◆ Work request
Skip the pictures and write out, word for word, the lines below from the one with "安徽鼎元新材料有限公司矢志不" through the one with "- Phased assemblies", inclusive.

◆ Input
#####

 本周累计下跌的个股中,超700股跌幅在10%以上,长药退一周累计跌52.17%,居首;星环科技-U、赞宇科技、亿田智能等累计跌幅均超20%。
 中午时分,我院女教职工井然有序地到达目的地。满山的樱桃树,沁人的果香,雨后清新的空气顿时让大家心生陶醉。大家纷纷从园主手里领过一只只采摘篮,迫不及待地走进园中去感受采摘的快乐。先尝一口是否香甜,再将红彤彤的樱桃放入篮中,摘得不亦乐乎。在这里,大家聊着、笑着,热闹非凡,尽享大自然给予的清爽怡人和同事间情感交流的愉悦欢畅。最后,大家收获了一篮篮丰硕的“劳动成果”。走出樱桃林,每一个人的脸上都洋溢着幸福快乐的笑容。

#####

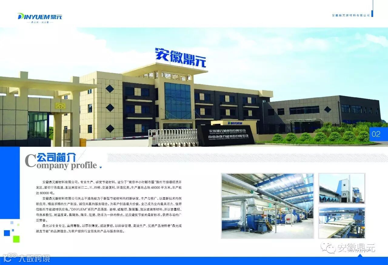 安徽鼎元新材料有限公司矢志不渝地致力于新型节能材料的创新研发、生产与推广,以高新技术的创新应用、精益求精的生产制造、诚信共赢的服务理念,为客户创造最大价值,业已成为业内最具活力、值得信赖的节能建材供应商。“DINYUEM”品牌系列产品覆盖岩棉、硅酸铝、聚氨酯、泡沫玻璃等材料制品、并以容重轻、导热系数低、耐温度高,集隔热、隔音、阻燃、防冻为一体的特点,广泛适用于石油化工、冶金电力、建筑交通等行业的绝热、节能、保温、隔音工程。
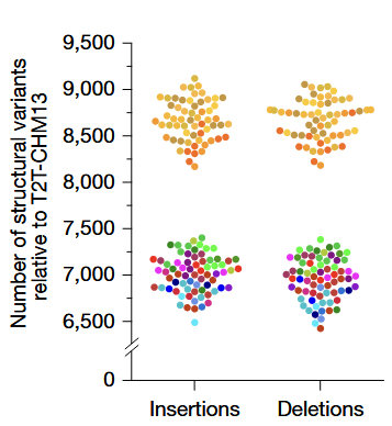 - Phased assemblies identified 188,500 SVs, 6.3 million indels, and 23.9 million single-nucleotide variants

#####

◆ Task output
 安徽鼎元新材料有限公司矢志不渝地致力于新型节能材料的创新研发、生产与推广,以高新技术的创新应用、精益求精的生产制造、诚信共赢的服务理念,为客户创造最大价值,业已成为业内最具活力、值得信赖的节能建材供应商。“DINYUEM”品牌系列产品覆盖岩棉、硅酸铝、聚氨酯、泡沫玻璃等材料制品、并以容重轻、导热系数低、耐温度高,集隔热、隔音、阻燃、防冻为一体的特点,广泛适用于石油化工、冶金电力、建筑交通等行业的绝热、节能、保温、隔音工程。
 - Phased assemblies identified 188,500 SVs, 6.3 million indels, and 23.9 million single-nucleotide variants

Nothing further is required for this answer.